I’ve been feeding my dog the exact same food everyday since the day we adopted her over 10 years ago. And I don’t mean just the same brand – I mean the exact same flavor of canned and dry. Don’t feel bad for her. Every now and then I’ve given her something new – just to mix things up. She won’t eat it. And she’s a gal who loves to eat. So I gave up. I’ve decided that unless she comes to me and complains, she will continue to get the same old, same old.
One day my husband was watching me dish out my dog’s food and, with pity in his voice, remarked how boring it must be for her to eat the same thing everyday. I couldn’t believe my ears. This from the man who’s been eating Quaker Instant Raisins and Spice Oatmeal EVERY MORNING for as long as I can remember. Our cupboards are filled with boxes of it so we don’t (God forbid) run out – even though I go to the market several times a week. (And don’t get me started about how much money we could save if he’d just buy the big canisters of plain oatmeal and add in his own raisins and spices.) Of course, I pointed out the irony of his concern.
You may be wondering what my dog’s and my husband’s meal proclivities have to do with a vegetarian cooking blog. I’m glad you asked. Almost without fail, my family has broccoli with our dinner. We all love it (except for my youngest son, who hates pretty much all vegetables), it’s healthy, and steaming it is a snap. My husband sometimes even has it at lunch, too. What can I say – he’s a man who knows what he likes. (Thank goodness I’m on that list.) I suppose people are creatures of habit, but we were in very deep rut.

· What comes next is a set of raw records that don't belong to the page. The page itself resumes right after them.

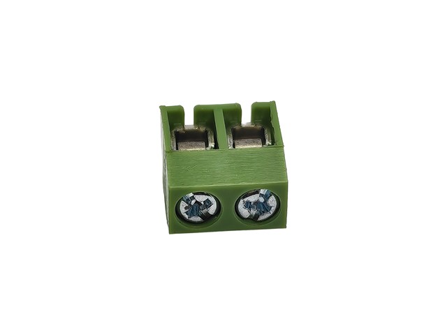 3.5mm Universal Screw Terminal Block • 2 way • 10A – 250V • Straight Pins • Green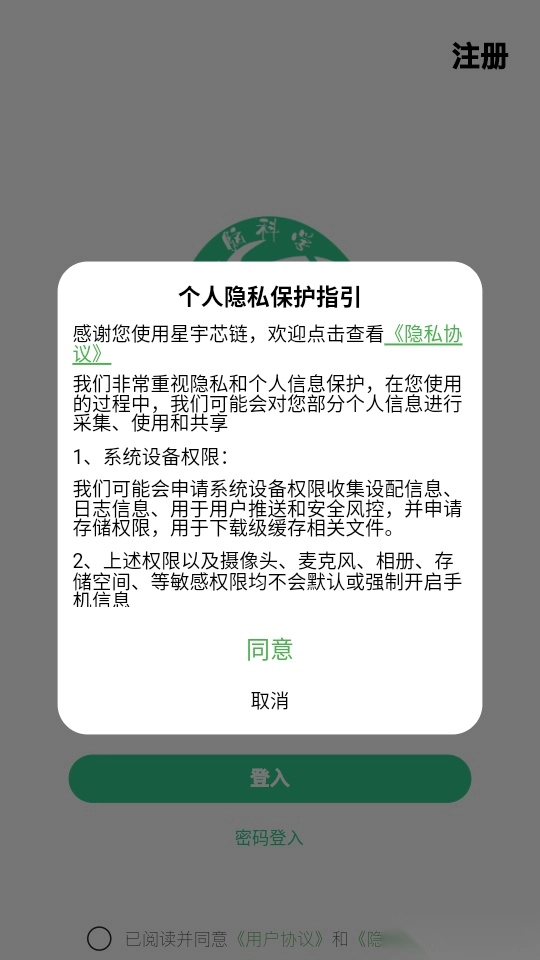 首先打开应用点击“同意”按钮来进入中。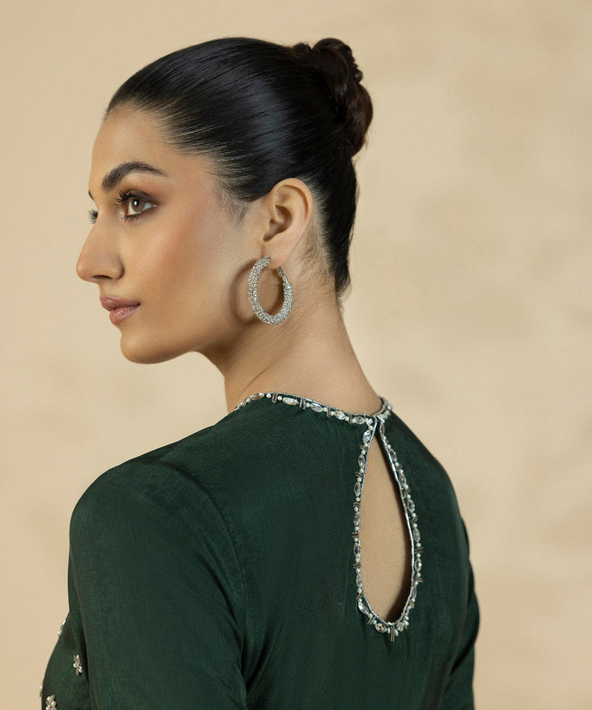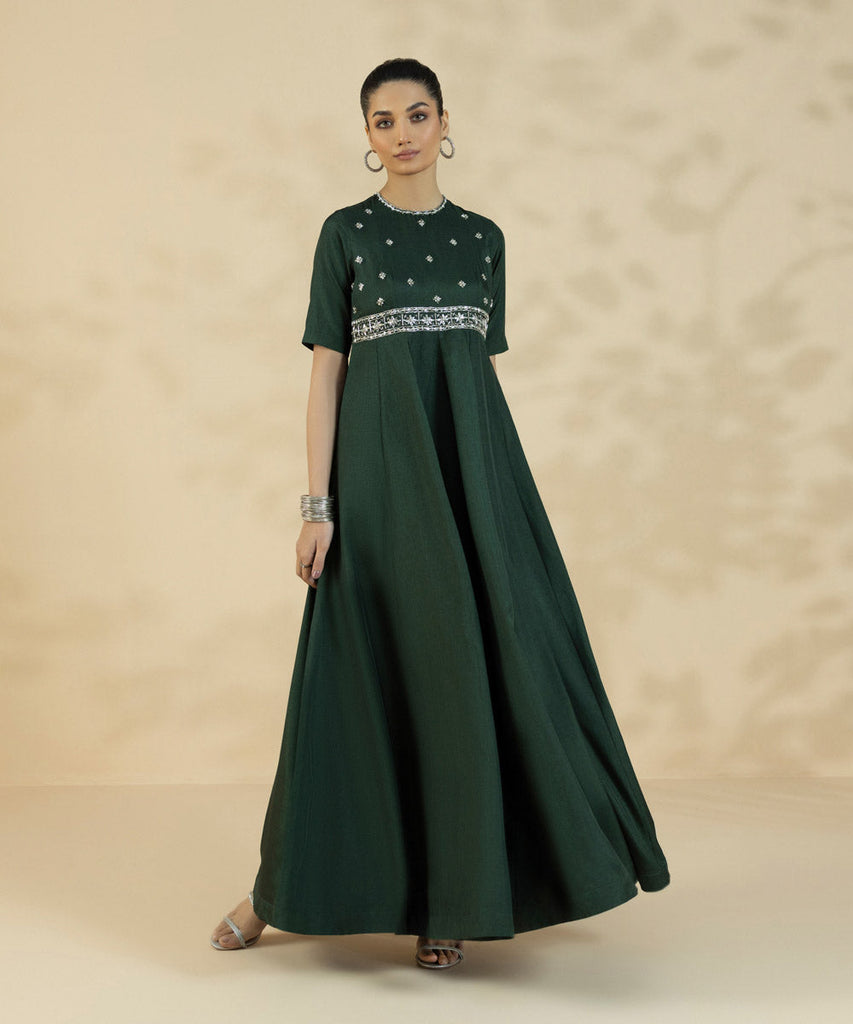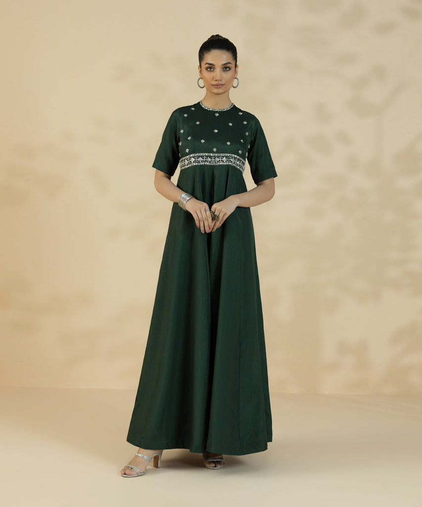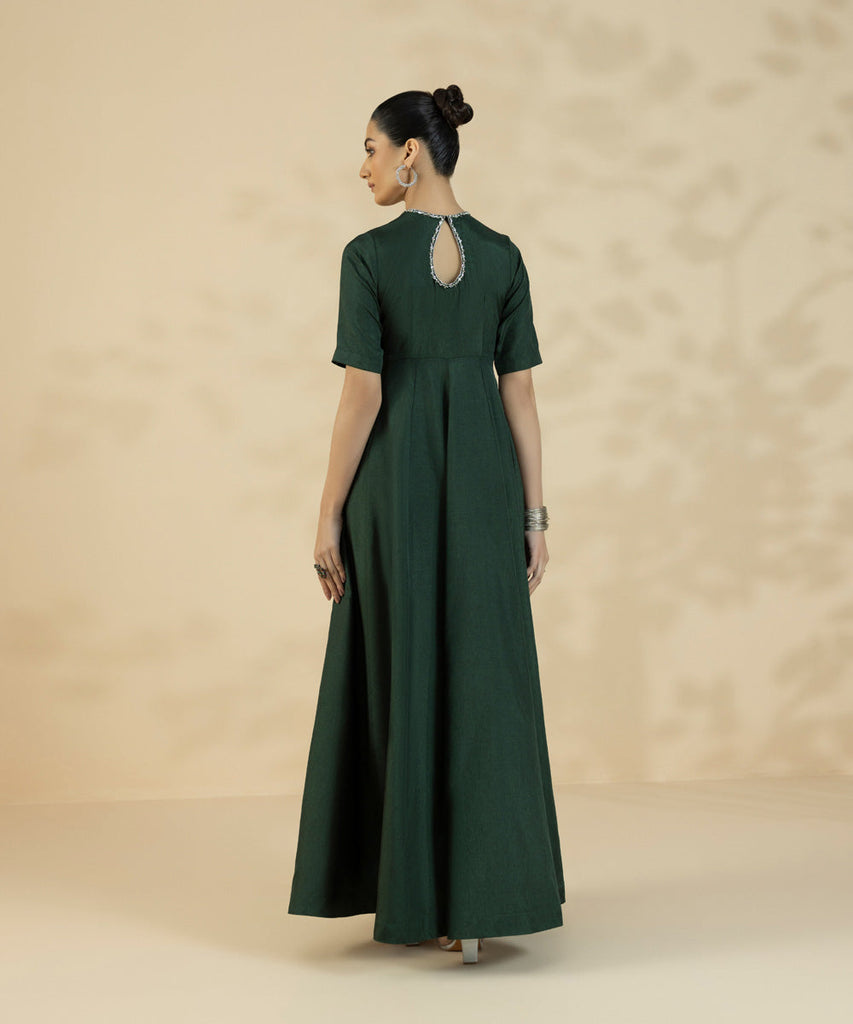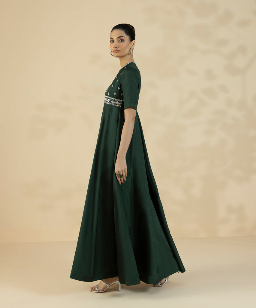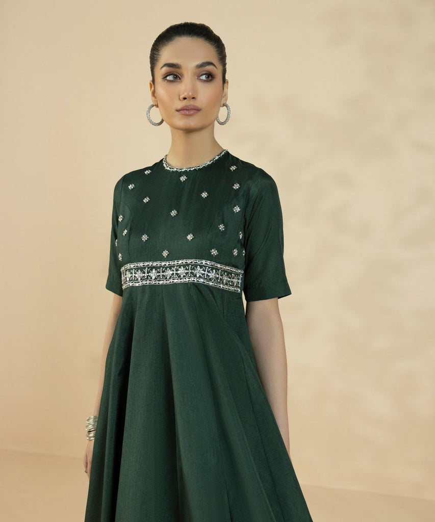 Twirl away this season in this green silk pishwas featuring hand embellished body paired with straight pants.

Back in my carnivorous days, I used to make roasts surrounded by carrots and potatoes. The fat from the roast, combined with the long roasting period, would caramelize the surrounding veggies. They were SO good! But once I stopped roasting meat, I stopped roasting veggies. I do have a delicious recipe for carrots with pistachio nuts in a Cointreau/butter sauce – but that’s too much work for an everyday dinner. So it was steamed broccoli, with asparagus or cauliflower – when I thought about it – for variety.
But, did it have to be so? I asked myself. (I have a tendency to talk to myself – I pretend it’s to my pets, but I’m not fooling anyone.) What if I coat carrots with vegetable oil and bake them, as I would with the roast. Hmmmm! I wondered. The skies cleared! The angels sang! It was a joyous moment when I took that first bite. Yes! They were sweet; they were tender; they were pretty. And thus began a new go-to side dish in our home: roasted carrots.
Roasted carrots are super fast to put together and take 20-30 minutes to bake, depending on the oven temperature. If I want them as fast as possible, I bake them at 400ºF, maybe even 425ºF. But if I’m baking a main dish at a lower temperature, I’ll put the carrots along side it in the oven, and just roast them longer. I haven’t noticed a different in taste between roasting fast at a higher temperature, or slower at a lower one. They’re always good.
- carrots cut into 2″ pieces (I buy the bags of cut carrots)
- oil (I use canola)
Use a baking pan with sides (such as a jelly roll pan or a broiler pan) so the carrots don’t roll off over the side when you stir. Pour a little puddle of oil in the middle of the pan – I don’t measure, but for 2 people I use approximately 1 T oil. Then pour the carrots onto the pan and roll them in the oil, so they’re completely coated. Roll the carrots around on the pan to grease the bottom, then spread them out so they don’t touch. Bake at 350ºF – 425ºF, depending on how fast you need them and/or whether you’re baking something else at the same time. Stir the carrots every 10 minutes, until they’re DARK brown on the parts that touch the pan bottom. Best served right away.
NOTE: As you know, I’m a fan of making things from scratch, and avoiding pre-made items. That being said, I do buy the bags of pre-cut carrots. I’m not recommending this, though. It’s just that it’s so darned fast to open the bag and pour the already prepared carrots onto the jelly roll pan. But SOMEDAY – I swear – I’m going to start buying whole carrots and clean and cut them myself. I will! But for now, at least I’ve expanded our side dish repertoire. Baby steps.
Does pre cut mean baby carrots?
Yes – that IS what meant. But you can’t buy them unbagged like that. You have to buy them long, and then wash them, and then cut them. It sounds like a lot of work compared to opening a plastic bag. But, in reality, it probably would only take a couple of minutes to wash and cut them. Maybe I’ll take the plunge next time I buy carrots.
Also, does it matter if the roasting pan is glass or metal?
I’ve never used glass, only metal. Metal cooks things faster and browns them better – which I like. They’re still going to cook in glass, but I’m not sure how browned they’ll get. That caramelized crunch is what I live for!